• Goal of the exercise: The reply should hold only the lines below beginning at the one with "当地时间4月11日上午,由中" and ending at the one with "語劇等に配慮し、ステージの奥行きを広く取ってある。 8.4m(緞帳→ホリゾント幕) |", copied exactly, with every picture left out.

• Information:
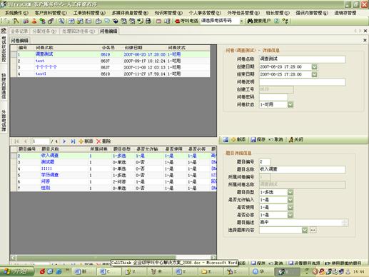 外呼中還可以建立問卷調(diào)查任務(wù)。同時還提供題庫管理、問卷編輯等功能,并且題目之間還可以設(shè)計流轉(zhuǎn)順序。方便使用者靈活設(shè)定問卷內(nèi)容。如圖20、21所示:
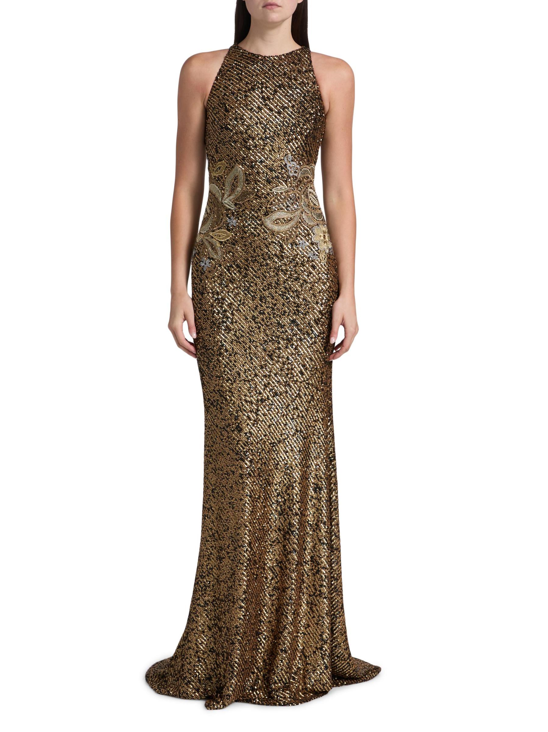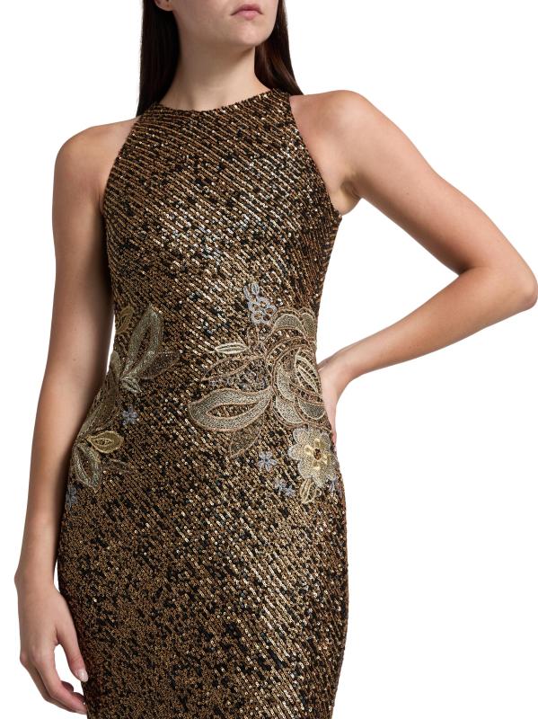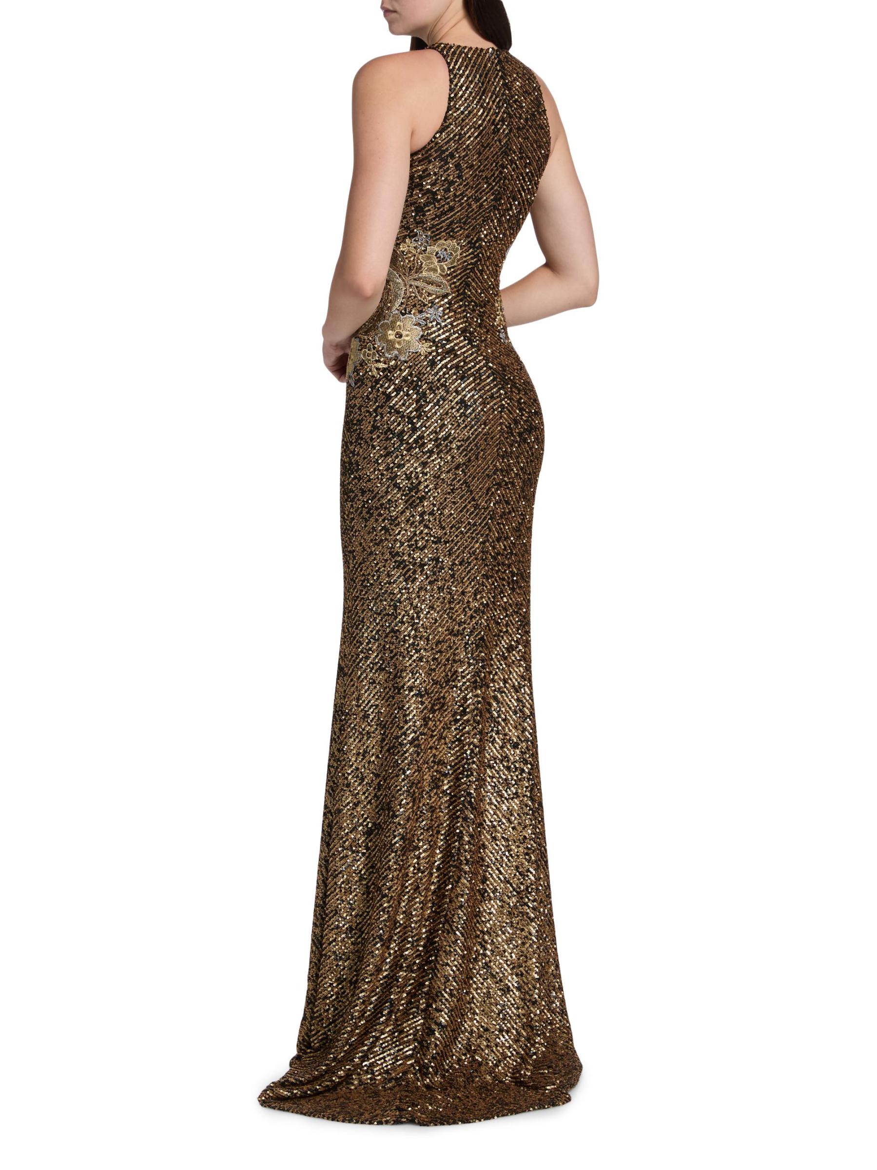 يتميّز هذا الفستان ذو الرقبة الرسن من نعيم خان، المصنوع من قماش الترتر القابل للتمدد، بتطريزات زهرية عند الخصر.رقبة هالتيرنك بدون أكمام إغلاق بسحّاب خلفي 95% نايلون/ 5% إليستين تنظيف البقع صُنع في الولايات المتحدة الأمريكية
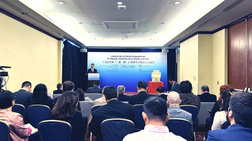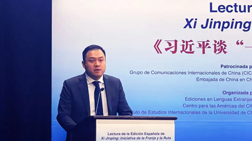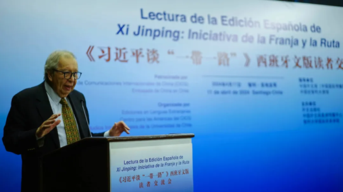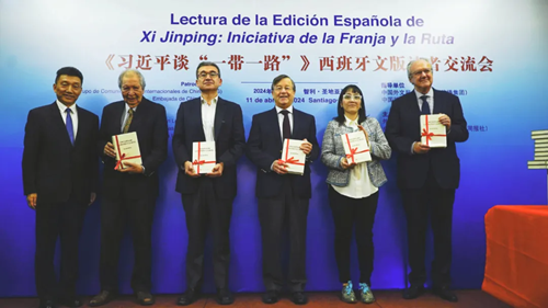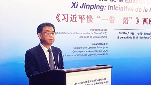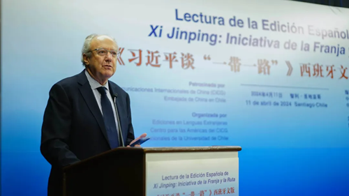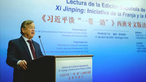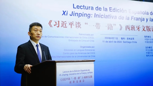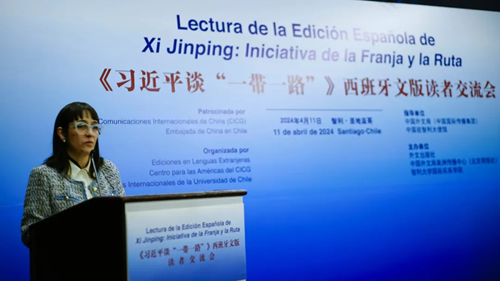 当地时间4月11日上午,由中国外文局、中国驻智利大使馆指导,外文出版社、中国外文局美洲传播中心(北京周报社)、智利大学国际关系学院主办的《习近平谈“一带一路”》西班牙文版读者交流会在智利首都圣地亚哥举行。
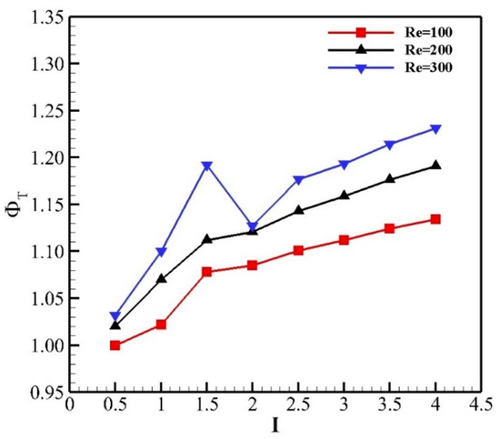 As shown in Figure 7, the thermal efficiency increased with the increase in the injection ratio as . It can be concluded from Figure 7 that the thermal efficiency increased with the increase in the Reynolds number, which was in line with Karthikeyan’s conclusions: the thermal efficiency of active control can be improved by increasing the momentum coefficient of the jet as [30]. The changing trends of thermal efficiencies with injection ratio were the same at , and they exhibited almost linear growth trends. At a low Reynolds number, the thermal efficiency of the microchannel could be improved by increasing the injection ratio. However, considering the additional energy required for active control, it was necessary to select an appropriate injection ratio. However, when and , the thermal efficiency reached a turning point (first increasing and then decreasing), and the growth rate of the thermal efficiency was the largest. At the moment, the interaction between jet and flow over the cylinder greatly increased the heat transfer. This was the same as the above conclusion in Figure 6c. For , the thermal efficiency at was slightly smaller than the thermal efficiencies at I = 3.5 and I = 4.0. Given all of this, it is a more appropriate choice that the injection ratio is taken as 1.5.
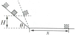 5(多选)从货车上卸载货物时,工人往往在车厢与地面间放置一倾斜的板,如图所示。板与水平地面间的夹角θ在0°~90°范围内可调,货物从距地面高H处沿板面由静止开始下滑,再沿水平地面滑动一段距离x后停下。忽略货物下滑到地面时与地面的碰撞,假设货物与板面、货物与地面间的动摩擦因数相同,货物在板上滑行的时间为t₁,在水平地面上滑行的时间为t₂。则( )
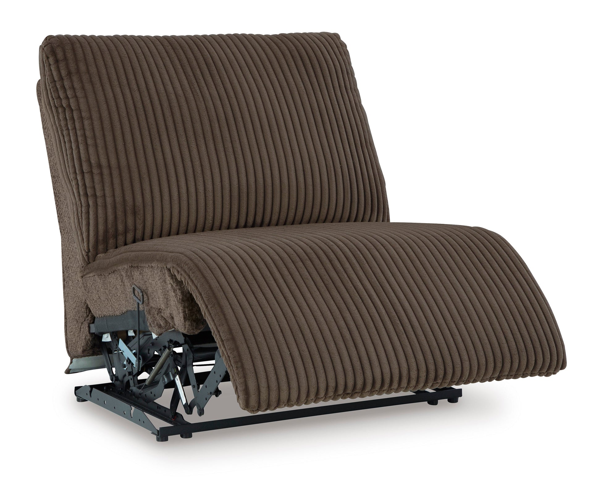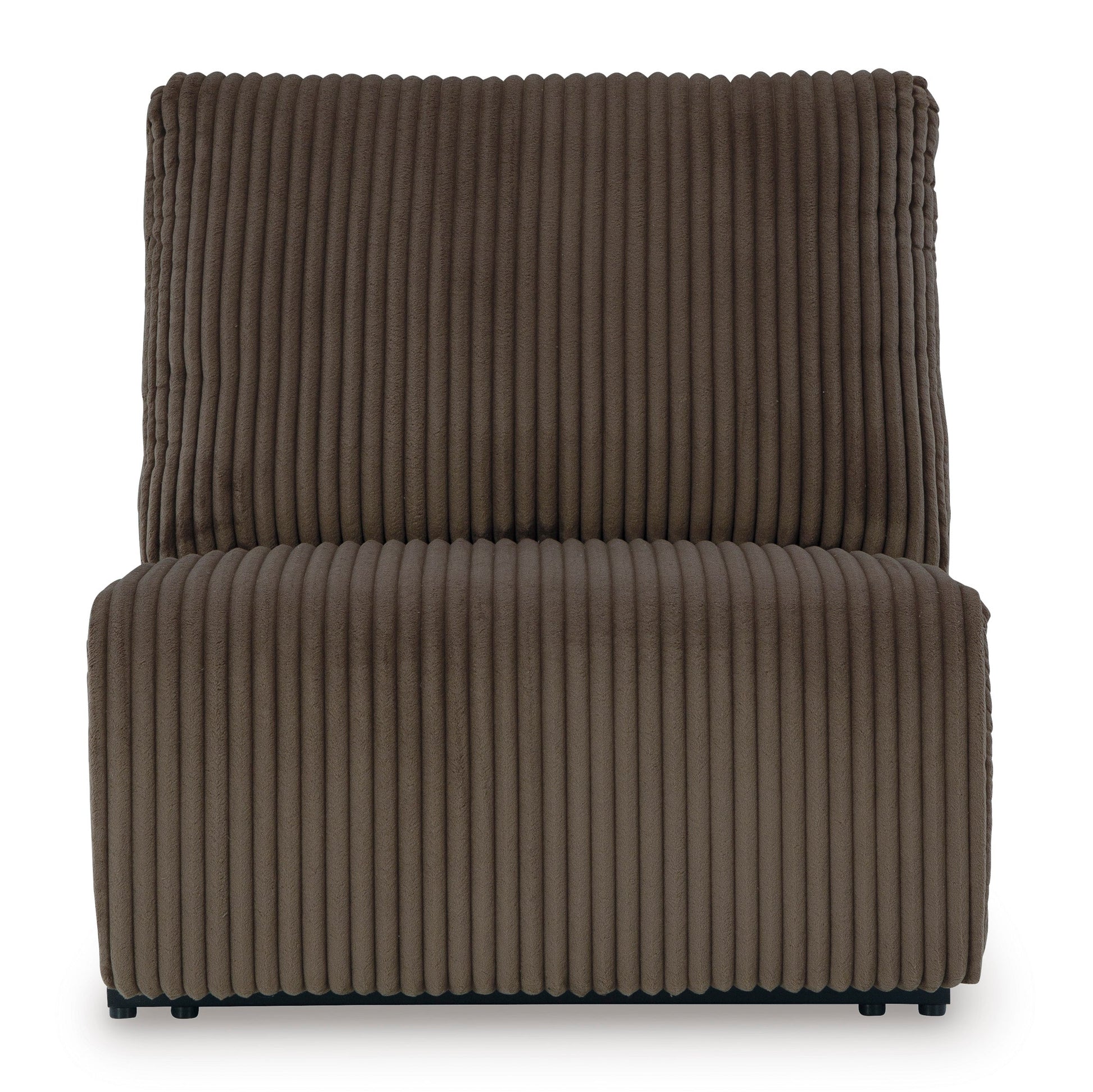 This armless recliner is made with polyester upholstery. Pairs with other items in the series to make a sectional.
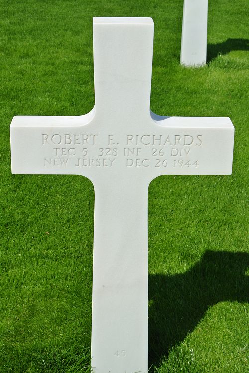 T/5 Robert E. Richards graduated from Snyder High School and worked at the Port Newark yards of the Federal Shipbuilding and Dry Dock Company.He enlisted in February 1943 and was sent overseas in October 1944.
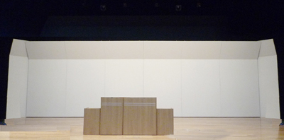 語劇等に配慮し、ステージの奥行きを広く取ってある。 8.4m(緞帳→ホリゾント幕) |
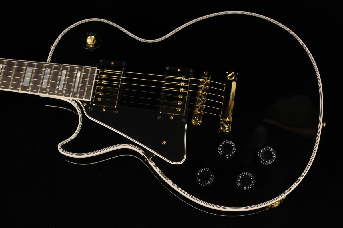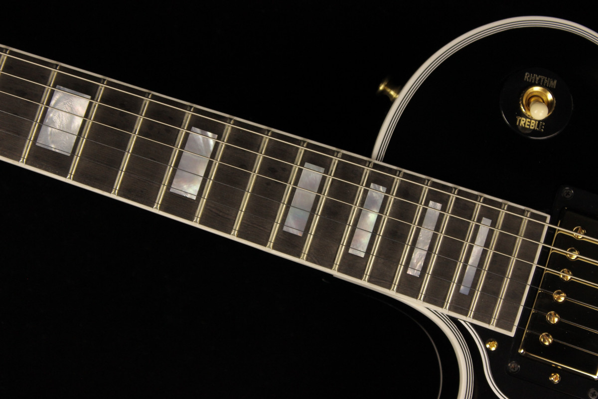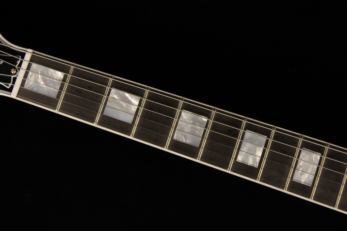 Today’s Les Paul Custom is based on the model from the mid-1950s, but with several modern appointments. The body is crafted with a hand-carved maple top, which is fitted to a body made from a solid piece of mahogany with strategically routed holes to lessen the weight of the guitar, resulting in a Les Paul with enhanced acoustic qualities and improved resonance. The 24 ¾-inch scale length neck is also made from one solid piece of mahogany then topped by a 22-fret Ebony fingerboard outfitted with pearl block inlays and given Gibson’s traditional "C" profile.
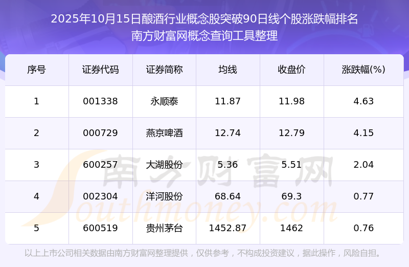 根据南方财富网概念查询工具数据统计,截止2025年10月15日收盘,酿酒行业概念股共有5只个股收盘价向上突破了90日线。其中涨幅较大的个股有永顺泰、燕京啤酒、大湖股份等,涨幅分别为4.63%、4.15%、2.04%。
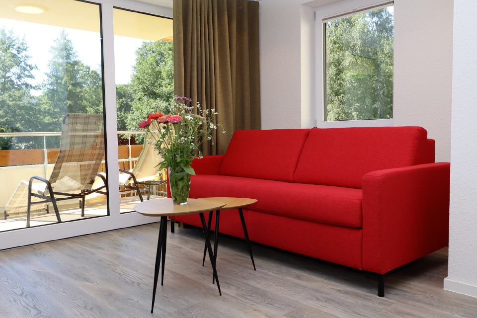 - Barrierefreies Einzeimmer "Deluxe", 43 qm, im Sonnenflügel mit Badezimmer, teilw. mit Doppelwaschbecken, Dusche, Haarfön, Kosmetikspiegel, WC, Telefon, WLAN (kostenfrei), Sat-TV, Minibar, Safe, gemütliche Wohnecke, Terrasse oder Südbalkon mit herrlichem Ausblick zu den Schwarzwaldbergen ab 77 €

• Answer below:
 当地时间4月11日上午,由中国外文局、中国驻智利大使馆指导,外文出版社、中国外文局美洲传播中心(北京周报社)、智利大学国际关系学院主办的《习近平谈“一带一路”》西班牙文版读者交流会在智利首都圣地亚哥举行。
 As shown in Figure 7, the thermal efficiency increased with the increase in the injection ratio as . It can be concluded from Figure 7 that the thermal efficiency increased with the increase in the Reynolds number, which was in line with Karthikeyan’s conclusions: the thermal efficiency of active control can be improved by increasing the momentum coefficient of the jet as [30]. The changing trends of thermal efficiencies with injection ratio were the same at , and they exhibited almost linear growth trends. At a low Reynolds number, the thermal efficiency of the microchannel could be improved by increasing the injection ratio. However, considering the additional energy required for active control, it was necessary to select an appropriate injection ratio. However, when and , the thermal efficiency reached a turning point (first increasing and then decreasing), and the growth rate of the thermal efficiency was the largest. At the moment, the interaction between jet and flow over the cylinder greatly increased the heat transfer. This was the same as the above conclusion in Figure 6c. For , the thermal efficiency at was slightly smaller than the thermal efficiencies at I = 3.5 and I = 4.0. Given all of this, it is a more appropriate choice that the injection ratio is taken as 1.5.
 5(多选)从货车上卸载货物时,工人往往在车厢与地面间放置一倾斜的板,如图所示。板与水平地面间的夹角θ在0°~90°范围内可调,货物从距地面高H处沿板面由静止开始下滑,再沿水平地面滑动一段距离x后停下。忽略货物下滑到地面时与地面的碰撞,假设货物与板面、货物与地面间的动摩擦因数相同,货物在板上滑行的时间为t₁,在水平地面上滑行的时间为t₂。则( )
 This armless recliner is made with polyester upholstery. Pairs with other items in the series to make a sectional.
 T/5 Robert E. Richards graduated from Snyder High School and worked at the Port Newark yards of the Federal Shipbuilding and Dry Dock Company.He enlisted in February 1943 and was sent overseas in October 1944.
 語劇等に配慮し、ステージの奥行きを広く取ってある。 8.4m(緞帳→ホリゾント幕) |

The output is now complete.